This stage brings together the other stages to create the business case.

To support the business case, an assessment of project risks is undertaken to predict and deal with events that might prevent project outcomes being delivered. All projects should follow the lead agency’s risk management framework.

This stage is the responsibility of the project manager. The work is carried out by a team that includes business case writers, the product owner, architecture owner, service designer and business analysts.

If the investment falls under Treasury’s CO 15 threshold, contact the Better Business Case centre in Treasury. Information is available on the Treasury website under Better Business Cases: Guidance (on the A-Z of Treasury Publications under the Publications tab).

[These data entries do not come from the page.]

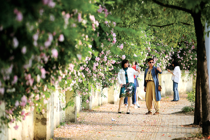 在港闸区通吕运河北岸,探险王国西、江海大道南有条花墙路,4日,走在花墙路上,围墙上的蔷薇花正在盛放。这段“花墙”南北向延伸数百米。许多市民来这边拍照片发到社交网络上与好友分享。 记者徐培钦 |
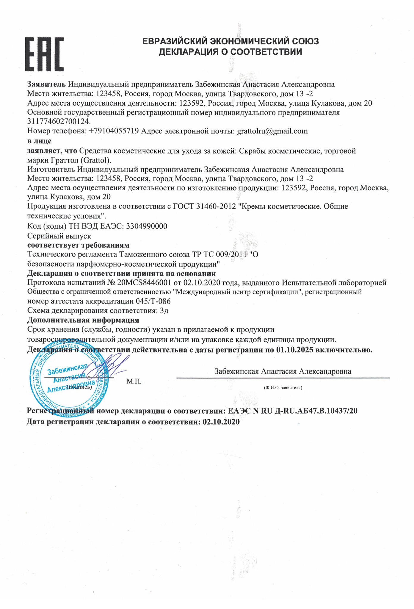 | Скрабы | ЕАЭС N RU Д-RU.АБ47.В.10437/20 | 01.10.2025 |
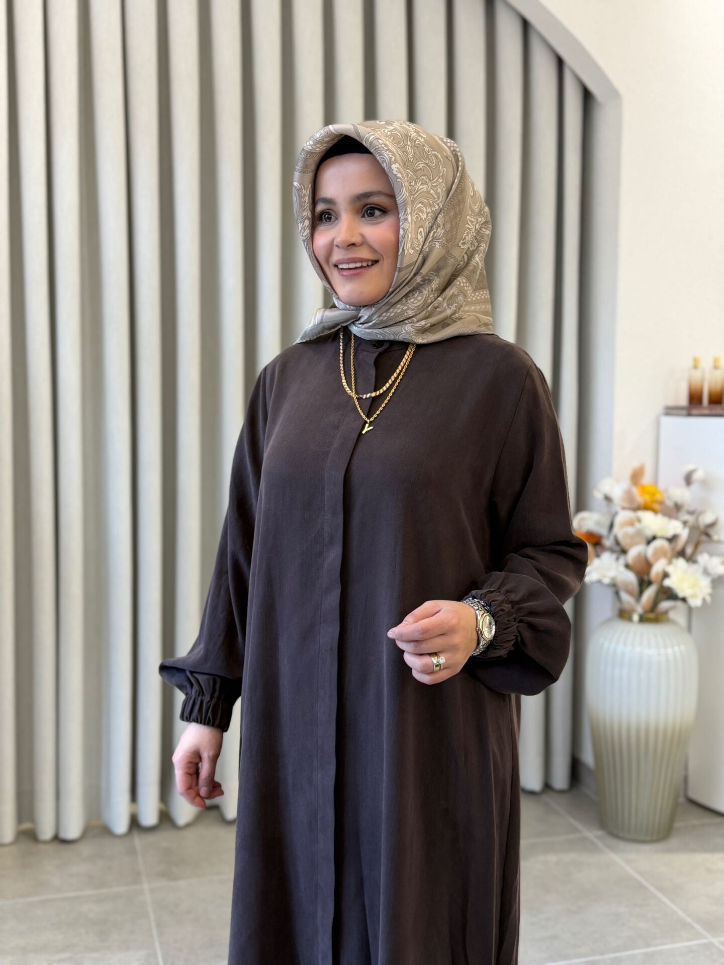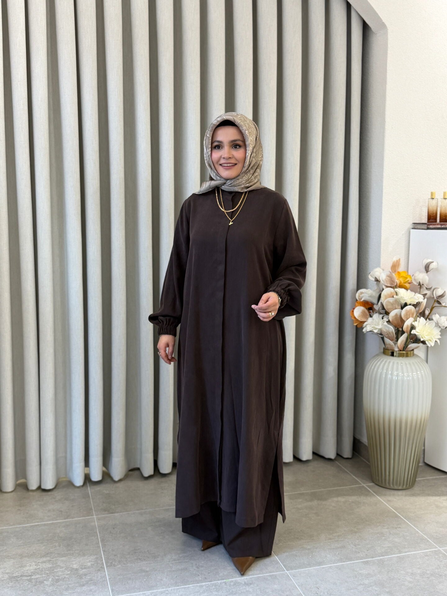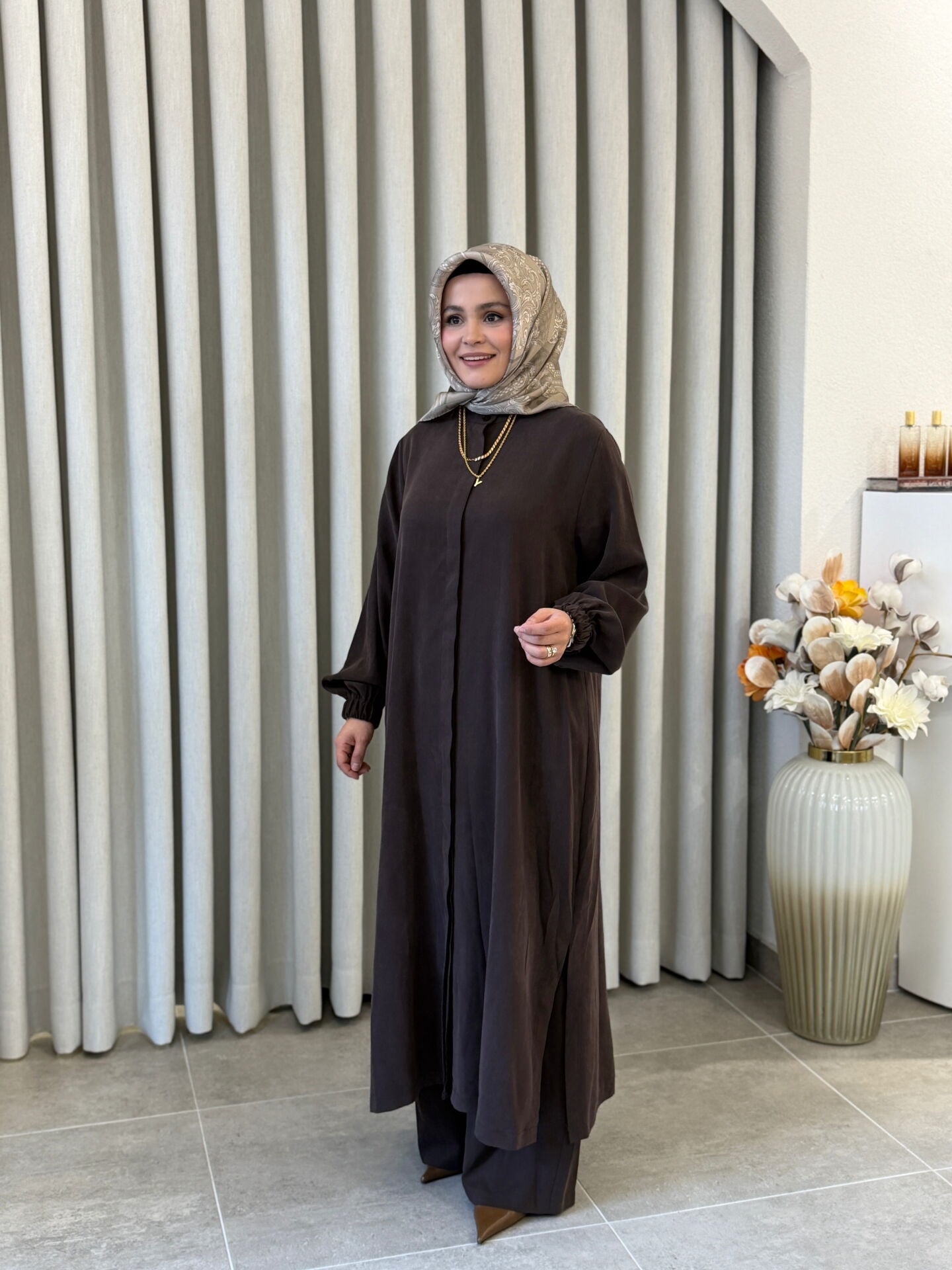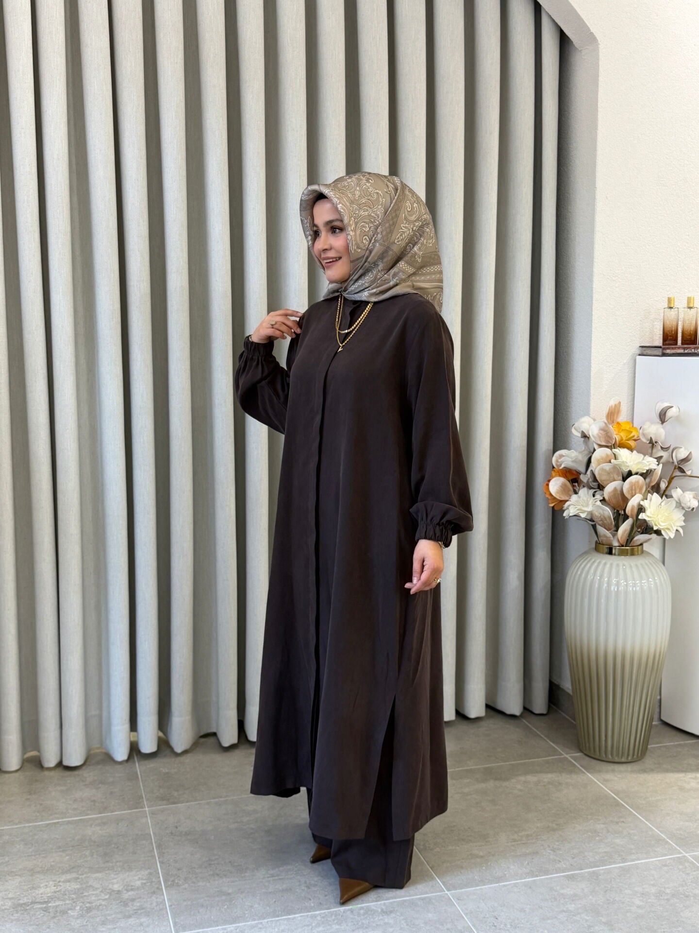 İPEK CUPRA PANTOLONLU TAM BOY TAKIM KAHVE

http://www.treasury.govt.nz/statesector/investmentmanagement/plan/bbc/guidance

Aim The aim of this stage is to:

expand the business case by refining the content, and extending the view to include Alpha, Beta, and Live for the minimum viable product (MVP)

update the benefits realisation plan, worksheet, and profile with the information from Discover.

Actions Actions which may be carried out during this stage include:

1. Gather input from the earlier aspects of Discover, particularly the product roadmap, business context, solution architecture, and the service blueprint.

2. Document a high level organisational impact assessment for the participating agencies.

3. Use the material in the problem trajectory diagram if sufficient, otherwise develop an investment logic map as input to the business case.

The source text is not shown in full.